We have a food poisoning casualty in the shape of Iain, who only barely makes it back on for the encore. He’s parked in a hotel room to recover in Atlanta after resting in the back lounge overnight from North Carolina while I meet former A&M fixer Al Marks for a catch up lunch. It’s warm and sunny in Little Five Points, the boutique-y neighbourhood that’s grown in size and diversity since it began to be gentrified in the nineties. I saunter off for coffee after soundcheck and just as I sit at a sidewalk table an unlikely married couple approach. Unlikely because they don’t look like Del Amitri fans (whatever that means). But they have flown from Honduras to see us. I’m quite bowled over and am overjoyed to be able to have a picture taken with them. An ancient biker farts his massive bike onto the pavement to park. His vehicle is artfully distressed with a faux rusted gas tank and a pathetic plastic rat glued to the front mudguard. Oooh, you rebel! He’s trying to channel Mad Max but it’s just Max Factor. It’s getting busy now and I try to remain inconspicuous on my corner table. I do this by frowning intently into my phone whenever I see potential ticket holders. There are sparrows and cute little bequiffed cardinals hopping around under the trees, their chatter a tonic. Two ornery old beard-wearers behind me are putting the world to rights in what, from my brief earwigging, might be dullest conversation ever conducted. The Thunder Road biker joins in. Apparently he has five bikes, one with antlers attached. Unprovoked, he promptly comes out with some sexist, homophobic AND transphobic claptrap that, cognisant of the area, he imparts from behind his hand. He “jokes” that he’s going to come out as a lesbian woman. He’s as funny as famine. He’s a flat out wanker. Off he pops on his fart machine, the little lids on his twin exhausts that twist up around his helmet comically opening and closing with the throttle like minor Muppets’ mouths.

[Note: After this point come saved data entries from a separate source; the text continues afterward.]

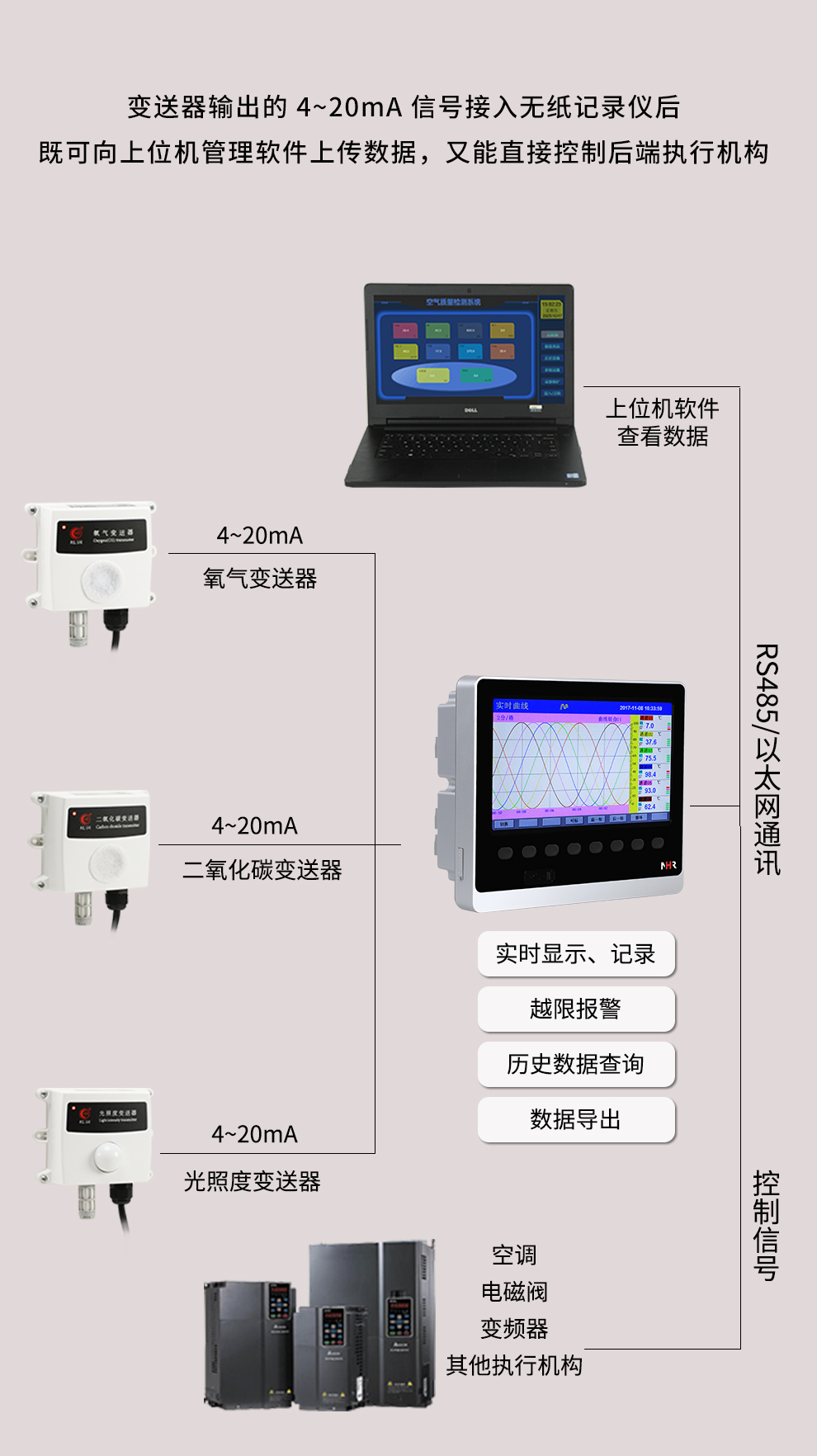 | 環(huán)境監(jiān)測儀 | 大屏溫濕度記錄儀 溫濕度儀表 環(huán)境參數(shù)變送器 直插式土壤傳感器 |
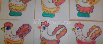 Now let’s get acquainted with Semenov’s nesting dolls. They have bright bouquets on their aprons, the image of which is combined with the shape and size of the toy: the larger the matryoshka, the larger the flowers in its bouquet. The main color of the sundress is red. The black outline marks the edge of the apron and the sleeves of the jacket. On the head is a traditional scarf, decorated along the border. In painting they use the “speckled” technique, which is done with a “poke”.
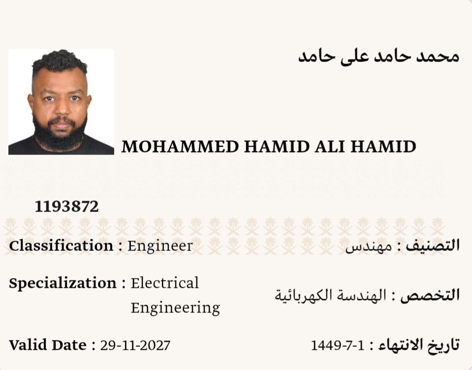 مهندس كهربائي، سوداني، معتمد من الهيئة السعودية للمهندسين، له أكثر من 9 سنوات من الخبرة كمهندس صيانة وتشغيل (Facilities Engineer) وأنظمة التوزيع الكهربائية (LV & MV) والطاقة الشمسية (Solar Energy) ماهر في التصميم والاشراف وصيانة المرافق الكهربائية وأنظمة التوزيع منخفضة ومتوسطة الجهد، والمولدات (Generators) والتكيف المركزي HVAC، والطاقة الشمسية. متمكن من استخدام Revit MEP وAutoCAD وPVsyst وETAP

The ornery guys move onto a discussion about Ukraine and a harlequin masked busker arrives pulling a cart with guitar and amp and I have a terrible foreboding that the relative peace of my little corner of Little Five Points is about to be shattered. Kris sidles by, intrigued. By the style of Ibanez guitar he’s sporting we predict metal. And rap-metal it is! To be fair, it could be worse and it could be lot louder. He has punk/grunge/rap tracks on tape and plays distorted chugging along with it. He’s basically playing riffs along with records. In a clown mask. He whacks on Green Day and I take my leave. I search for five bucks to give him but I only have twenties. I’m not that soft.

It’s a good gig for all of us tonight and aftershow it’s temperate enough that we can hang with friends we’ve not seen for many years outside the venue. A few of us decamp to a bar next door. As we walk in a DJ in a little booth suspended above the bar plays Travis’s Why Does It Always Rain On Me? It sounds warm, slow and comforting. I drift out into the cool night as the marquee lights go dark.